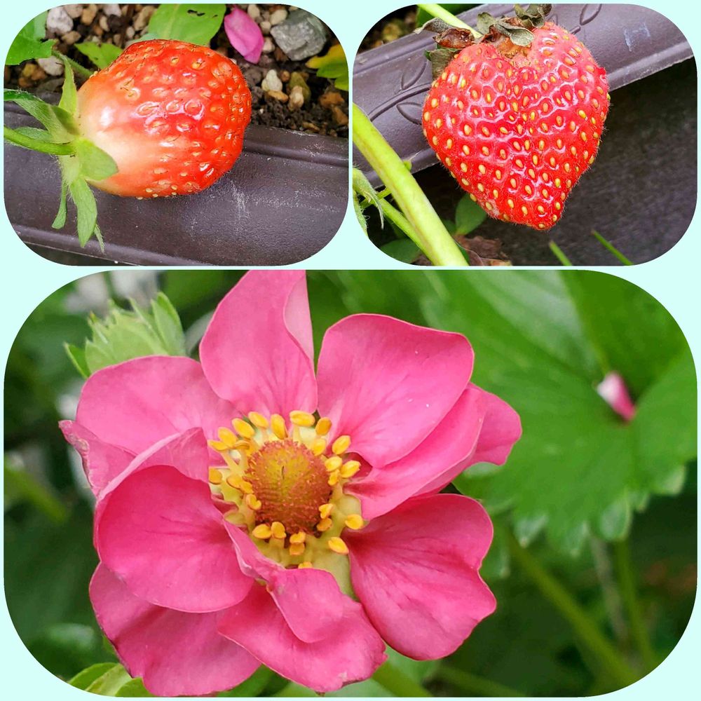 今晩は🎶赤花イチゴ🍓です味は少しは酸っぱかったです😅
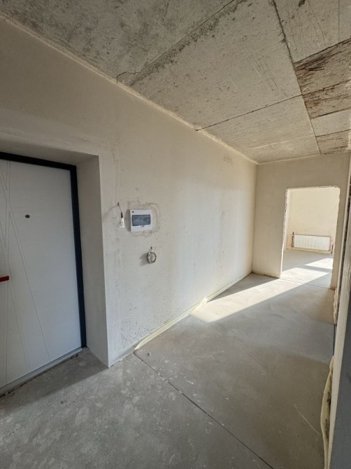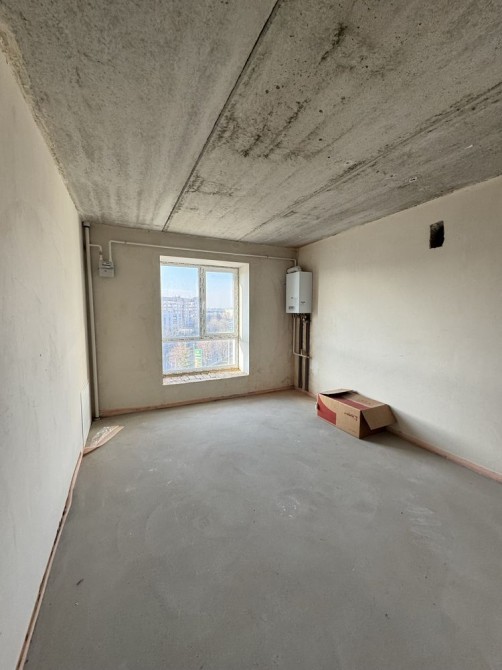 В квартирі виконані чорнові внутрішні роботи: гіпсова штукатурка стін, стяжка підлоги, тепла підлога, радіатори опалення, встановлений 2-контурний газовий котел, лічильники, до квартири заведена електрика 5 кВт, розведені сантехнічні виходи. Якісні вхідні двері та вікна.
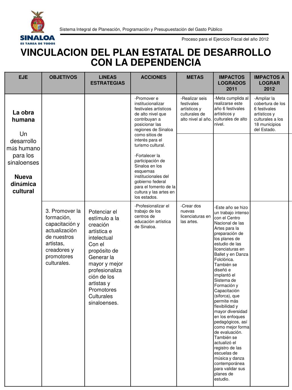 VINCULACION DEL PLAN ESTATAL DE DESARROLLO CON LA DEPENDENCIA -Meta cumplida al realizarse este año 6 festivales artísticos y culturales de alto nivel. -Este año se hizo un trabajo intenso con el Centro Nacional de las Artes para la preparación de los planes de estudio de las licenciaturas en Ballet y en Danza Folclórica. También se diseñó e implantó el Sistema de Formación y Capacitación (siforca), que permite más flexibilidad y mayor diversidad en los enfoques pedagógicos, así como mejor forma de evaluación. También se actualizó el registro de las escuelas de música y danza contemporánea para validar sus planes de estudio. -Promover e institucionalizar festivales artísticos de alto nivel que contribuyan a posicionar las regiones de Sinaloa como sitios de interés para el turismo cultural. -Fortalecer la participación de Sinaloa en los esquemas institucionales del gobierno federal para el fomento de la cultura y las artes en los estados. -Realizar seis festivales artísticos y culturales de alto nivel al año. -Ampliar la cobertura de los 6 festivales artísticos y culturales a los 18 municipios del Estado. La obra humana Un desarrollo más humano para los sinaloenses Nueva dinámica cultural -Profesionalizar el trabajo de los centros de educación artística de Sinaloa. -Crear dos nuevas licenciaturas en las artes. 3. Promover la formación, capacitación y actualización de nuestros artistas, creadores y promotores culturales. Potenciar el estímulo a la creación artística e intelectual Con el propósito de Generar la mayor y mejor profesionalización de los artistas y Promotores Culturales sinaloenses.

+ + + +

## WORK REQUEST
All that is needed is the exact run of lines from the start of the material above through the one containing "В квартирі виконані", pictures left out.

## ANSWER
 今晩は🎶赤花イチゴ🍓です味は少しは酸っぱかったです😅
 В квартирі виконані чорнові внутрішні роботи: гіпсова штукатурка стін, стяжка підлоги, тепла підлога, радіатори опалення, встановлений 2-контурний газовий котел, лічильники, до квартири заведена електрика 5 кВт, розведені сантехнічні виходи. Якісні вхідні двері та вікна.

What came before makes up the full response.